Work order: Write out again, word for word, the lines below from the line that holds "If you followed" through the line that holds "2025年4月16日至19日", omitting pictures.

Source material:
....

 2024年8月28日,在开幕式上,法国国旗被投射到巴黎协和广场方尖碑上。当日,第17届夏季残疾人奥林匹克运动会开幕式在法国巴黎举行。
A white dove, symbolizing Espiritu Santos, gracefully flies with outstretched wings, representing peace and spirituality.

....

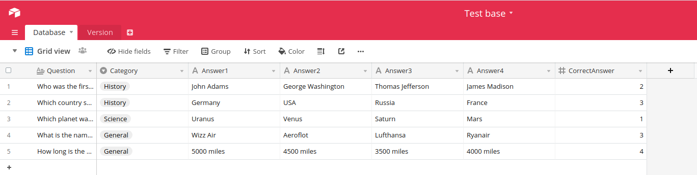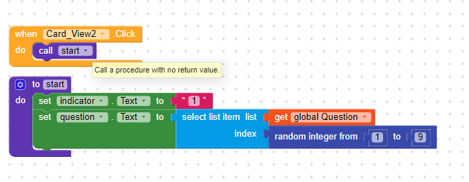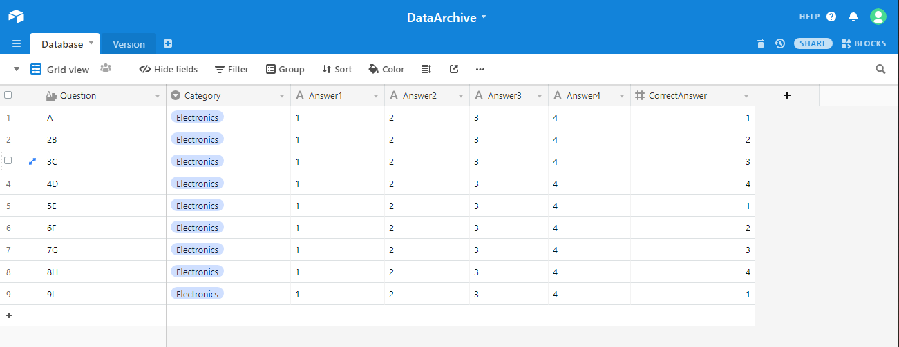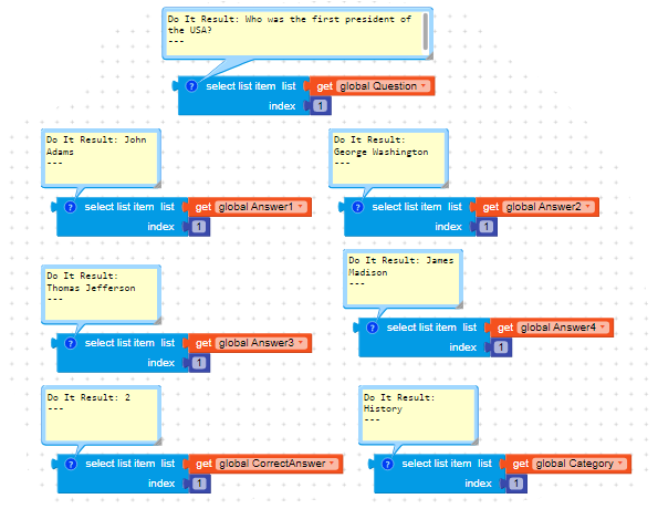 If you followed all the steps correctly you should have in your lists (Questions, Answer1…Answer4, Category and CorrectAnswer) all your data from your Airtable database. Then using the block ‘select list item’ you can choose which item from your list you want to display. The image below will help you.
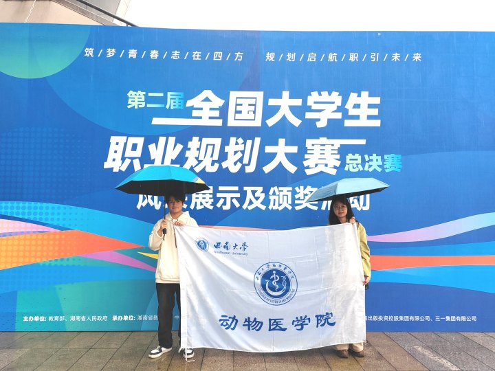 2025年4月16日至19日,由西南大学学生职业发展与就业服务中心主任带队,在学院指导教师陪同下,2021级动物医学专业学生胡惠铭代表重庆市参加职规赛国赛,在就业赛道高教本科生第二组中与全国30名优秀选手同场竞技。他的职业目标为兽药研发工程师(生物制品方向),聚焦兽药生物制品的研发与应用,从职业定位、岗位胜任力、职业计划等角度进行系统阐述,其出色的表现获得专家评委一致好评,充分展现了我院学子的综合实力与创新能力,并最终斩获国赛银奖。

....

Result for this task:
 If you followed all the steps correctly you should have in your lists (Questions, Answer1…Answer4, Category and CorrectAnswer) all your data from your Airtable database. Then using the block ‘select list item’ you can choose which item from your list you want to display. The image below will help you.
 2025年4月16日至19日,由西南大学学生职业发展与就业服务中心主任带队,在学院指导教师陪同下,2021级动物医学专业学生胡惠铭代表重庆市参加职规赛国赛,在就业赛道高教本科生第二组中与全国30名优秀选手同场竞技。他的职业目标为兽药研发工程师(生物制品方向),聚焦兽药生物制品的研发与应用,从职业定位、岗位胜任力、职业计划等角度进行系统阐述,其出色的表现获得专家评委一致好评,充分展现了我院学子的综合实力与创新能力,并最终斩获国赛银奖。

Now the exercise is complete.